Kadir Darya, Lilja Helene Engstrand
Department of Women's and Children's Health, Section of Pediatric Surgery, Uppsala University, 751 85, Uppsala, Sweden.
Department of Pediatric Surgery, University Children's Hospital, Uppsala, Sweden.

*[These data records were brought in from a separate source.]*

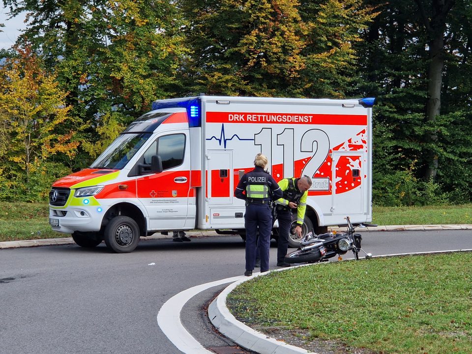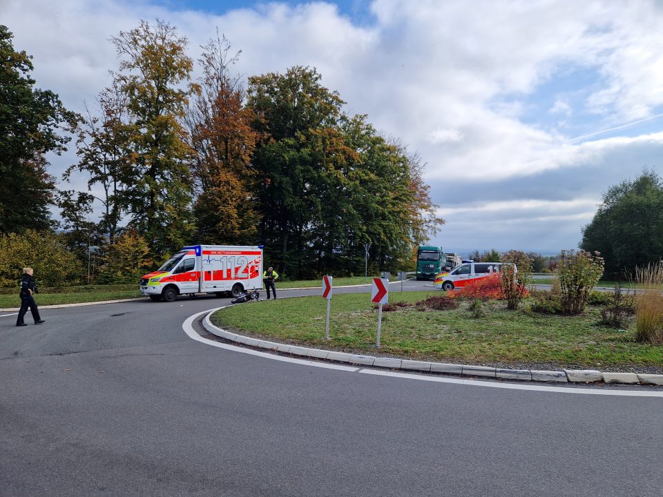 Zwischen beiden Fahrzeugen kam es zum Zusammenstoß, bei dem sich der Kradfahrer verletzte. Er wurde durch den Rettungsdienst in ein Krankenhaus gebracht. Für die Dauer der Unfallaufnahme war die Unfallstelle wegen auslaufender Betriebsstoffe komplett gesperrt.
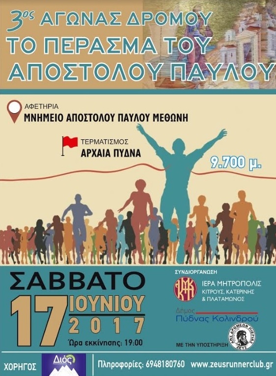 ΠΑΡΑΛΑΒΗ ΑΡΙΘΜΩΝ: Ο σύλλογος θα ανοίξει τα γραφεία του (Ρούπελ και Διγενή Ακρίτα, Κατερίνη) την Παρασκευή 16 Ιουνίου 2017 από τις 14.30 έως τις 17.30 για να δίνει σε αθλητές που κατάγονται από την περιοχή της Πιερίας και μέλη του συλλόγου προκειμένου να παραλάβουν τους αριθμούς τους. Οι υπόλοιποι θα τα παραλαμβάνουν από την γραμματεία η οποία θα λειτουργεί μόνον στο σημείο τερματισμού – Αρχαία Πύδνα- από τις 14.30 έως μέχρι τις 17.30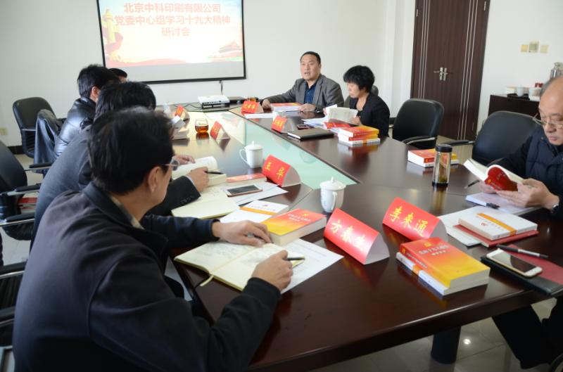 11月22日,北京中科印刷有限公司召开党委中心组学习研讨会,学习研讨十九大报告和党章,学习习近平总书记在党的十九届一中全会上的重要讲话精神,研究部署贯彻落实工作。党委书记、董事长沈幸华主持会议,公司党委委员、纪委委员参加会议。 会上,沈幸华结合公司实际提出公司上下要切实把思想和行动统一到十九大的战略...
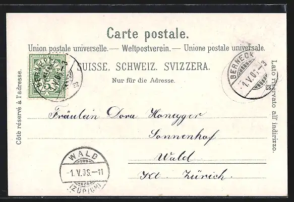 Personenbezogene Daten auf der Rückseite der Karte wurden durch blauen Textmarker unkenntlich gemacht. Die blauen Stellen sind auf die Vorderseite durchgeweicht und wirken sich negativ auf das Postkartenfoto aus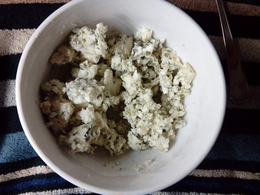 Desmenuzamos el queso azul en un bol o plato hondo con la ayuda de un tenedor.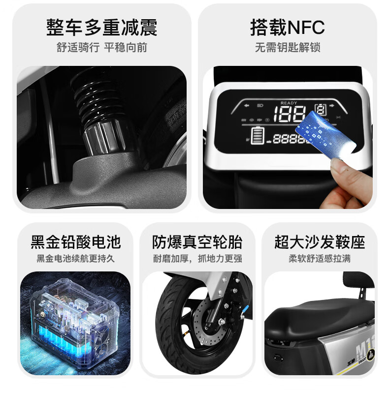 Wuyang Official Authentic 2025 Electric Motorcycle NFC Unlocked High-Power Electric Vehicle Two-Wheel Electric Motorcycle Men's and Women's Fashionable Electric Scooter Planet Gray/Speed 50M/Front Disc and Rear Drum/Bar Box Version 72V26A/New Graphene Battery/Wooden Frame Shipped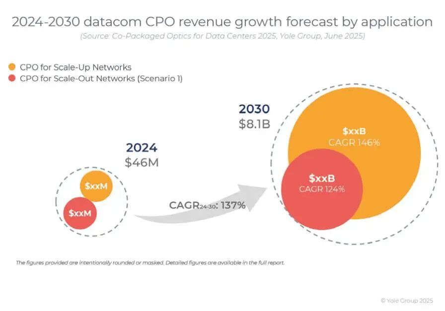 再例如,Yole Group認為CPO在2024年市場規(guī)模約4600萬美元,2025年的市場規(guī)模約1億美元,2026~2027年將快速提高滲透率,2028~2030年CPO將大規(guī)模替代可插拔模塊,到2030年CPO市場規(guī)模將達到81億美元,CAGR高達137%。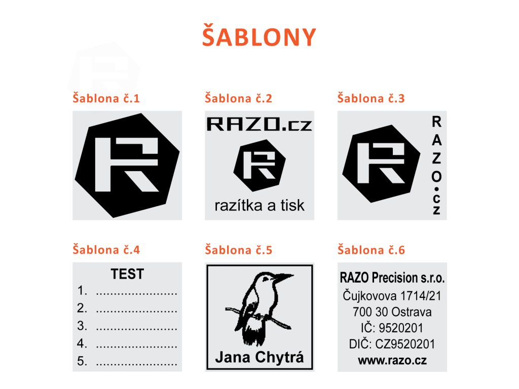 - Kvalitativně a velikostně podobná razítka mají název Trodat Pocket Printy 9425 a COLOP Stamp Mouse R 30

Pediatr Surg Int. 2017 Mar;33(3):317-323. doi: 10.1007/s00383-016-4032-9. Epub 2016 Dec 16.
The management of congenital diaphragmatic hernia (CDH) is a major challenge. The mortality is dependent on associated malformations, the severity of pulmonary hypoplasia, pulmonary hypertension and iatrogenic lung injury associated with aggressive mechanical ventilation. The aims of the study were to investigate the mortality over time in a single paediatric surgical centre, to compare the results with recent reports and to define the risk factors for mortality.
The medical records of infants with CDH from two time periods: 1995-2005 and 2006-2016 were reviewed. Cox regression was used for statistical analysis.
The study included 113 infants. The mortality rate was significantly decreased in the later time period, compared to the earlier, 4.4 and 17.9%, respectively. At the early time period five patients (7.5%) were treated with ECMO and in the later time period ECMO was used in three patients (6.5%). The mortality in ECMO-treated patients was 50% in both time periods. Prenatal diagnosis, intrathoracic liver, low Apgar score and low birth weight were defined as independent risk factors for mortality.
Despite no significant differences in the incidence of independent risk factors and the use of ECMO between the two time periods, mortality decreased over time. The mortality was lower than previously reported. The results indicate that there are many important factors involved in a successful outcome after CDH repair. Large multicentre studies are necessary to define those critical factors and to determine optimal treatment strategies.
先天性膈疝(CDH)的治疗是一项重大挑战。死亡率取决于相关畸形、肺发育不全的严重程度、肺动脉高压以及与积极机械通气相关的医源性肺损伤。本研究的目的是调查单一儿科手术中心随时间推移的死亡率,将结果与近期报告进行比较,并确定死亡的危险因素。
回顾了1995 - 2005年和2006 - 2016年两个时间段内患有CDH的婴儿的病历。采用Cox回归进行统计分析。
该研究纳入了113名婴儿。与早期相比,后期的死亡率显著降低,分别为4.4%和17.9%。在早期,5名患者(7.5%)接受了体外膜肺氧合(ECMO)治疗,在后期,3名患者(6.5%)使用了ECMO。两个时间段内接受ECMO治疗的患者死亡率均为50%。产前诊断、胸腔内肝脏、低阿氏评分和低出生体重被确定为死亡的独立危险因素。
尽管两个时间段内独立危险因素的发生率和ECMO的使用没有显著差异,但死亡率随时间下降。死亡率低于先前报告。结果表明,CDH修复术后成功预后涉及许多重要因素。需要进行大型多中心研究来确定这些关键因素并确定最佳治疗策略。